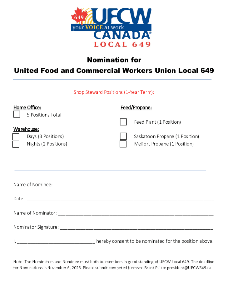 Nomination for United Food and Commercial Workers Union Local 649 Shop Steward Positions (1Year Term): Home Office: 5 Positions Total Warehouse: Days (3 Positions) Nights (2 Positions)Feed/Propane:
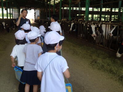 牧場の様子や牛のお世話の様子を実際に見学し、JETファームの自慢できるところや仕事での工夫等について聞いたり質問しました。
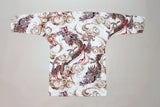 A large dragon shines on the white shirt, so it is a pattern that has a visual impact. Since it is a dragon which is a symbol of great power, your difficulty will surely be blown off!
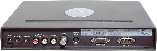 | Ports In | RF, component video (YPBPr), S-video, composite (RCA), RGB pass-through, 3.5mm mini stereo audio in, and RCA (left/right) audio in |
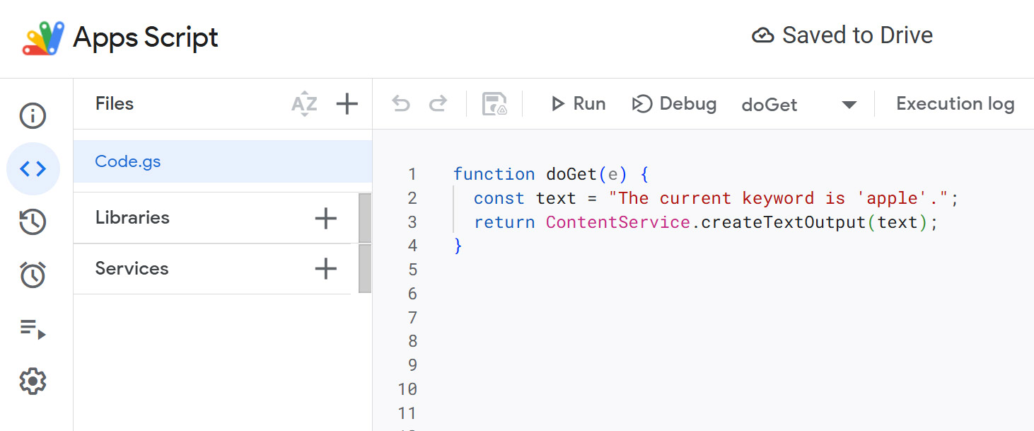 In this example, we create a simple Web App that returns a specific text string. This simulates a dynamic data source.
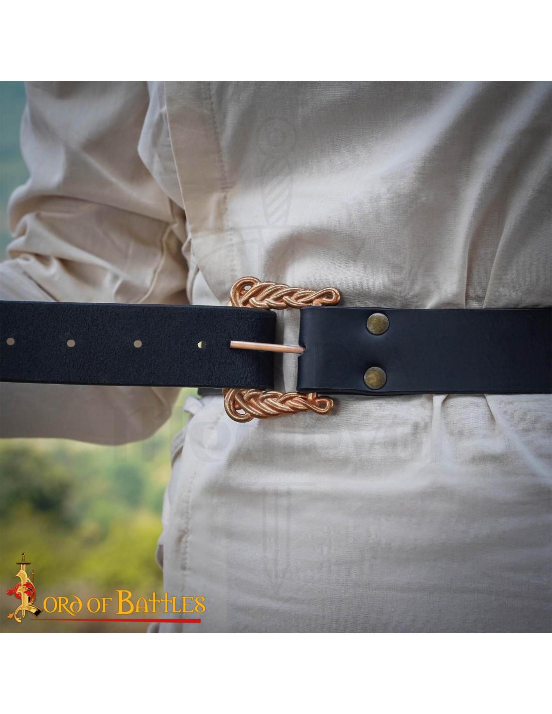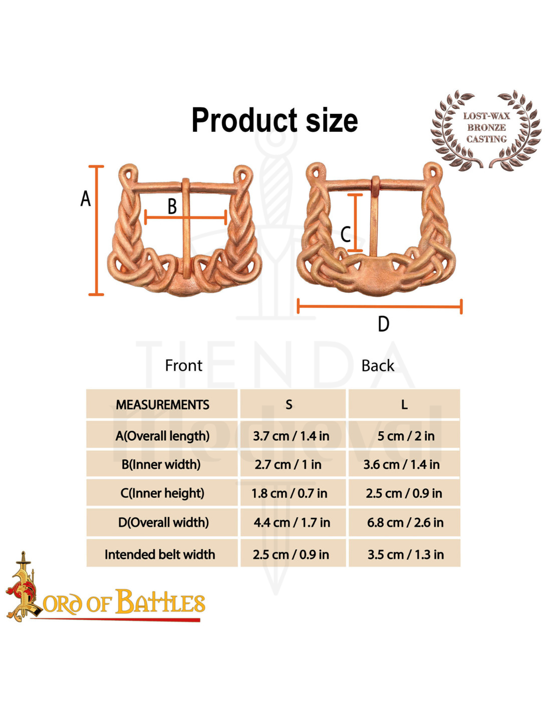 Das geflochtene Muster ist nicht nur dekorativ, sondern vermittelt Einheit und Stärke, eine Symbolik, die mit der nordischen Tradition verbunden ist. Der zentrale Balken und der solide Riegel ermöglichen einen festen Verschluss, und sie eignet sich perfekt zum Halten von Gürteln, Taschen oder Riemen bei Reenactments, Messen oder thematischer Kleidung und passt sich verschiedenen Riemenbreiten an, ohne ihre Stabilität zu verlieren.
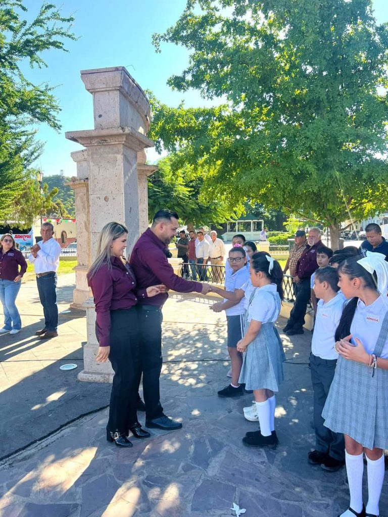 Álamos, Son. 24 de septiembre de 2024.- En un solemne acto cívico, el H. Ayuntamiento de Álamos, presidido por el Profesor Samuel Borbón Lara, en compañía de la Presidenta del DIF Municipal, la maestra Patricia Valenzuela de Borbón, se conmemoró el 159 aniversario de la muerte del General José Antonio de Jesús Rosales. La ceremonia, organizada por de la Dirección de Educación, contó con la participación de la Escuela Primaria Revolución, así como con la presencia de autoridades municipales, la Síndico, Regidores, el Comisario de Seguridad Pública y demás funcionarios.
...
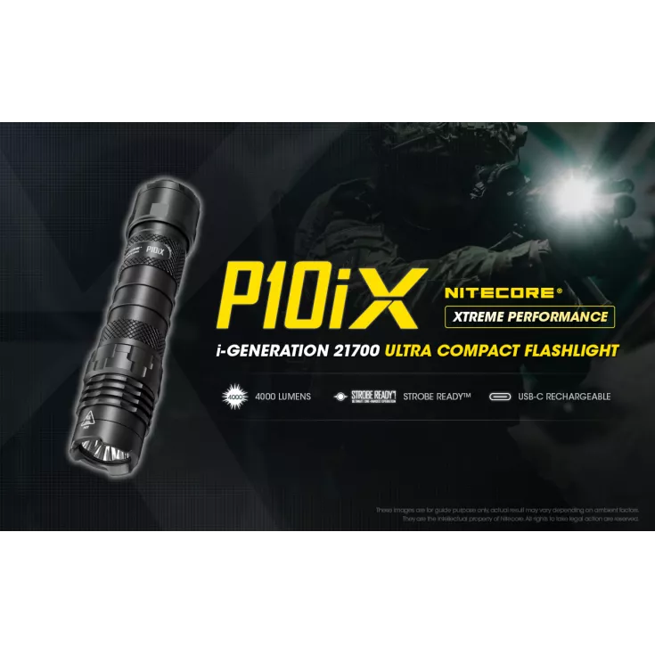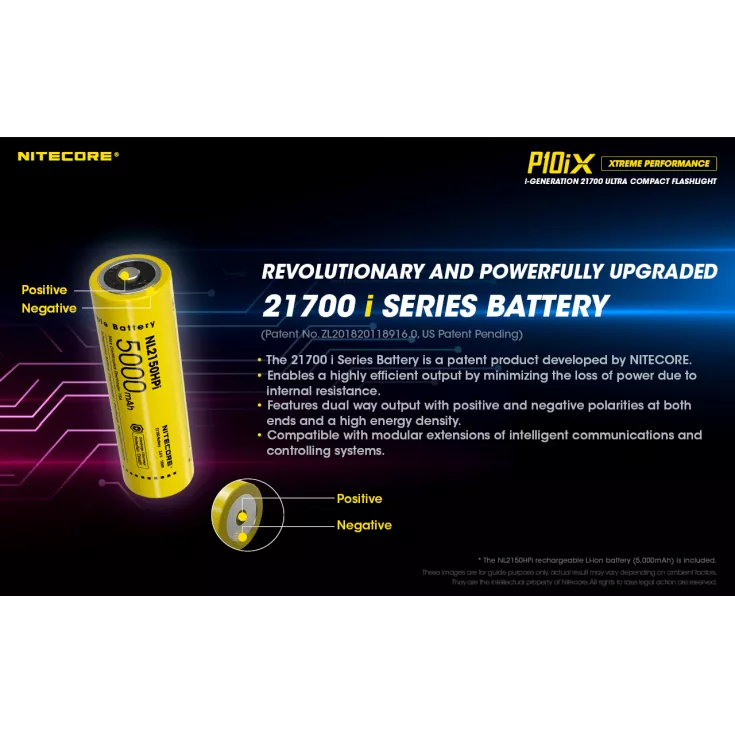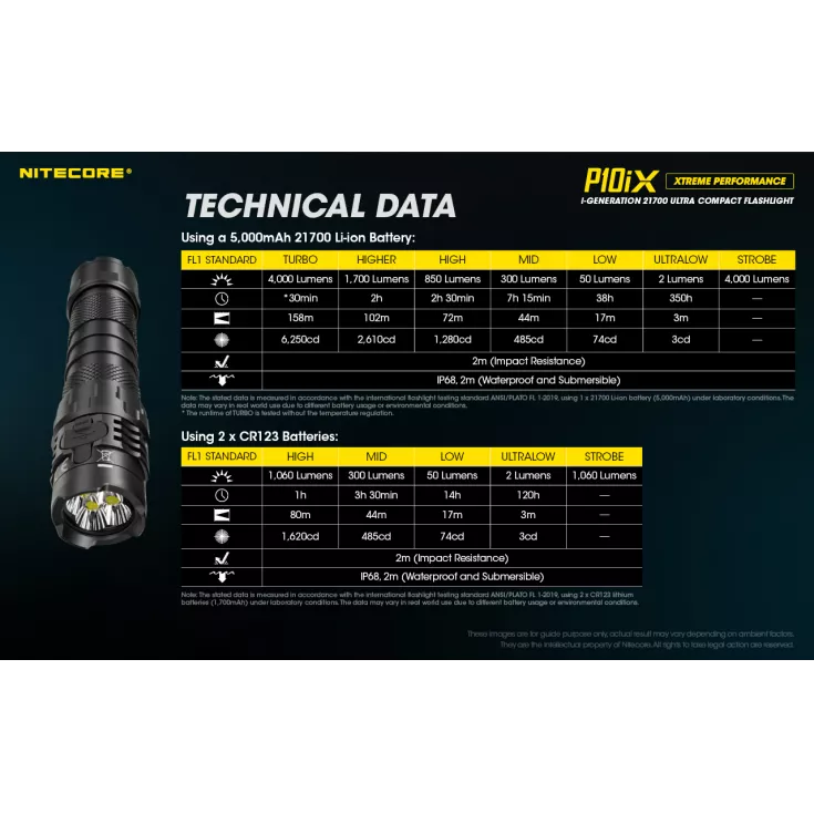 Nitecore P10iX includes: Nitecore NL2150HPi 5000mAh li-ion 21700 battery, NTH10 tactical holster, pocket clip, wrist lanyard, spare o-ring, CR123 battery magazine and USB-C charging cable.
--
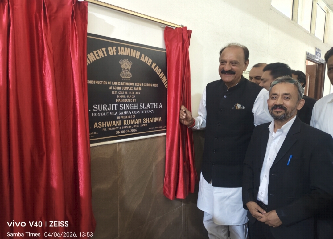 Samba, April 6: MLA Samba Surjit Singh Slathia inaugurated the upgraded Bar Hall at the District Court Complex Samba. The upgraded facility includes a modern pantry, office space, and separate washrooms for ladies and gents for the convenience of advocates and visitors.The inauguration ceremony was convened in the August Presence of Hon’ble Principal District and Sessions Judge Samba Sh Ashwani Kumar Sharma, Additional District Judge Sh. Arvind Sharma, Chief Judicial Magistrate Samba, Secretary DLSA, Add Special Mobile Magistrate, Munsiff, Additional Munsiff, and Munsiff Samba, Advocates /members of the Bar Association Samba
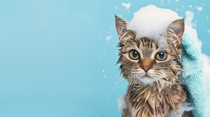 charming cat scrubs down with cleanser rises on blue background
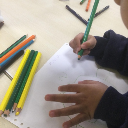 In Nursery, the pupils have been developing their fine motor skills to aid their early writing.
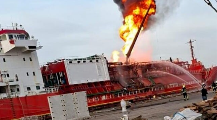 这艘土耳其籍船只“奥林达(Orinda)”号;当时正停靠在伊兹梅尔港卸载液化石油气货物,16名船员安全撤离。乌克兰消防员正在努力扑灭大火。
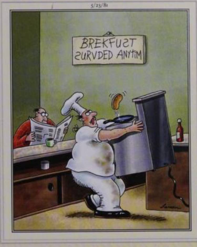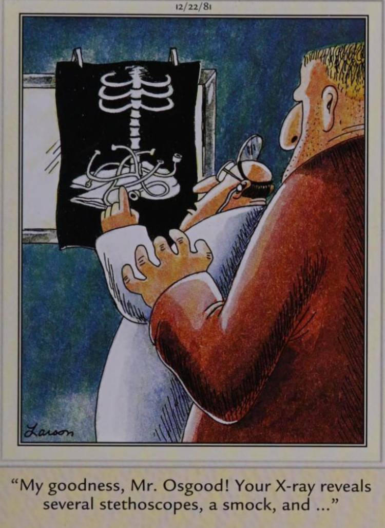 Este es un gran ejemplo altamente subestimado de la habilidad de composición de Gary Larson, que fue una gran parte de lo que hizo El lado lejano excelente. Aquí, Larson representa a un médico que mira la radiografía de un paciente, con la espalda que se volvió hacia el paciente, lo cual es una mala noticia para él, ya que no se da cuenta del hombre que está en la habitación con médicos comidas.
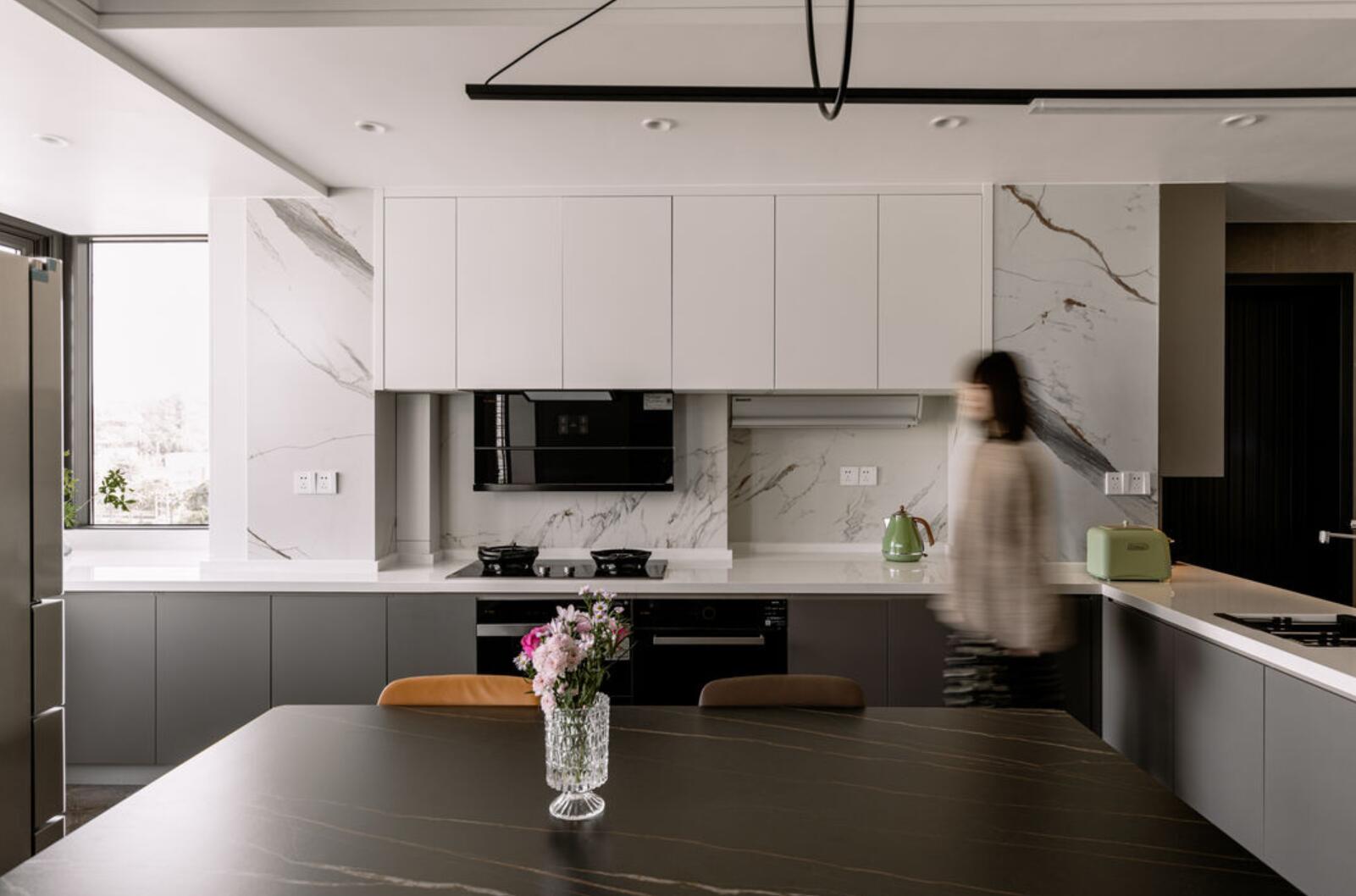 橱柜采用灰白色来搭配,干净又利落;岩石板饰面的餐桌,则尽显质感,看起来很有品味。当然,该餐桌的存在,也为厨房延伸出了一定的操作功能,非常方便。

EXERCISE OBJECTIVE:
When copying from the data above, begin at the line containing "In this example, we" and end at the line containing "Das geflochtene Muster"; return those lines exactly and leave all pictures behind.

RESPONSE AREA:
 In this example, we create a simple Web App that returns a specific text string. This simulates a dynamic data source.
 Das geflochtene Muster ist nicht nur dekorativ, sondern vermittelt Einheit und Stärke, eine Symbolik, die mit der nordischen Tradition verbunden ist. Der zentrale Balken und der solide Riegel ermöglichen einen festen Verschluss, und sie eignet sich perfekt zum Halten von Gürteln, Taschen oder Riemen bei Reenactments, Messen oder thematischer Kleidung und passt sich verschiedenen Riemenbreiten an, ohne ihre Stabilität zu verlieren.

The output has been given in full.